Putting to sleep and waking up Windows machines with Home Assistant

2024-10-22 tinkering networking windows home-assistant

I begrudgingly tolerate some Windows machines on my network, because some games’ anti cheat malsoftware consider virtual environments cheating. While VMs do make it easier to manipulate the state of a video game to one’s advantage, it’s annoying.

Balancing between power saving and convenience, I want these machines up as quickly as possible when I need them, so I keep them in sleep and wake them up with Wake-on-LAN. Putting them back to sleep via remote desktop is mightily annoying, so I searched for remedies.

The goal🔗

Wake up Windows machines and put them back to sleep, conveniently from Home Assistant.

Thinking out loud, we need a switch entity that does Wake-on-LAN when turning on, and does some sort of remote management operation to suspend Windows when turning off.
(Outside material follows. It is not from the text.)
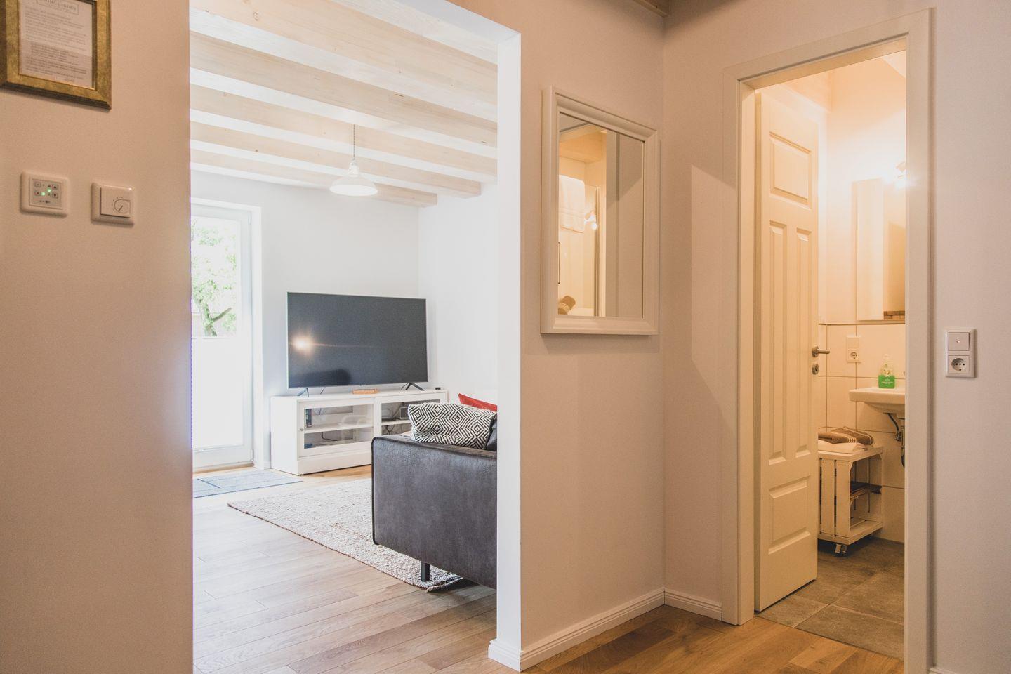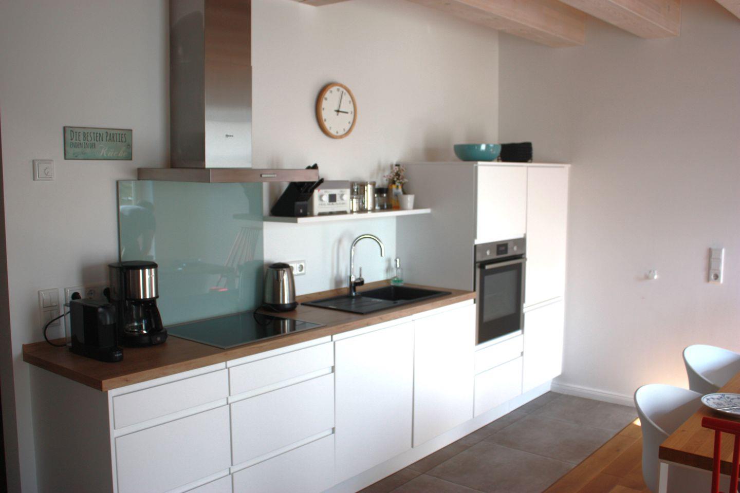 Die vollausgestattete Küche lässt mit hochwertigem Geschirr, Mikrowelle und Caffissimomaschine keine Wünsche offen. Im großzügigen Eingangsbereich befindet sich ebenfalls ein Bad mit Dusche.

Building blocks: Wake-on-LAN🔗

This is available out of the box, requiring file-based configuration:

switch:
  - platform: wake_on_lan
    name: <PC name>
    mac: <PC MAC address>
    host: <PC IP address, used for telling if the entity is on>
    broadcast_address: <network's broadcast address>

The host could be omitted, but then Home Assistant would track the entity state internally, which could drift out of state with reality.

Building blocks: Suspend as a service🔗

After some digging, I discovered remote-shutdown-pc by Viktar Karpach, which allows performing a preconfigured action like shutdown (or suspend) when receiving a special HTTP request containing a “secret”.

This service uses HTTP transport, so it is by no means secure. I use this exclusively on machines that never leave my home network, and even if someone intercepted traffic, worst they could do would be pausing my gaming session. So, secure enough for my needs.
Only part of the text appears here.